BulletProof Security by Ed Alexander is an all-in-one security plugin for your WordPress installation. It incorporates intrusion detection scans and multiple types of logging to help in forensic analysis and discovery of attack attempts. This plugin will also assist in configuring your web server through .htaccess and PHP configurations.
You can find more information on BulletProof Security at http://wordpress.org/plugins/bulletproof-security/.
WP-Security Scan by Acunetix provides an overall security scan of your WordPress installation. It checks many of the items listed previously, including WordPress version, table prefix, and absence of the admin account. It also includes a filesystem scanner to verify that the permissions are set to the recommended settings and includes some files to protect against directory browsing. WP-Security Scan provides a nice mechanism to make sure the base settings are in line with a good security posture as well, as this plugin has a tool for changing your database table prefix. We look forward to new features in future releases.
You can find more information on WP-Security Scan at http://wordpress.org/plugins/wp-security-scan/.
WordFence Security by Mark Maunder is a comprehensive security plugin. This plugin checks your installed core files against the current revision in the WordPress repository. It checks both your core WordPress files as well as plugin files. WordFence Security is evaluating your core and plugin files for changes or variations from the source code, which can indicate a compromised site.
WordFence also scans your actual content for malware and phishing signatures looking for types of content injection. WordFence has a limit-login-attempt functionality to prevent brute force attacks as well as the capability to send notifications on logins so you can see who is and is not logging into your WordPress Dashboard. WordFence has many other security features covering a large spectrum of potential threats or attack vectors.

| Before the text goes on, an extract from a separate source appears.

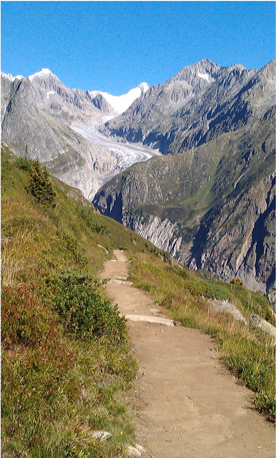
Der Fieschergletscher in seiner ganzen Pracht.

One of the more interesting features of WordFence is the live traffic information that ties into a software-level firewall. Using the live traffic and firewall features, you can block specific IP addresses or countries from accessing your site. This can help when an attacker is attempting to compromise your site. Furthermore, you can configure WordFence to automatically block or throttle access for IP addresses when usage from those traffic sources exceeds limits that you set. WordFence is also introducing a new caching mechanism to improve the speed of your site.
You can find more information about WordFence Security at http://wordpress.org/plugins/wordfence/.
This chapter covered some of the challenges that can occur when your WordPress site begins to get noticed on the web. Popularity attracts attention so securing your WordPress installation is a fact of life for being on the web today. Security is an ongoing cat and mouse game between site administrators and the bad guys, and keeping on top of best practices and latest advancements is an important job skill for the professional developer. Choosing a security plugin and keeping your WordPress updated are now regularly occurring maintenance tasks for your site development and management process.
Finally, role definition is key in controlling the scope of permissions for your users. Contain when you can, and use the principle of least privilege to the fullest extent. Security is a fundamental component of using WordPress in the real world either as a website foundation or an application framework. You will tackle those topics in the next two chapters.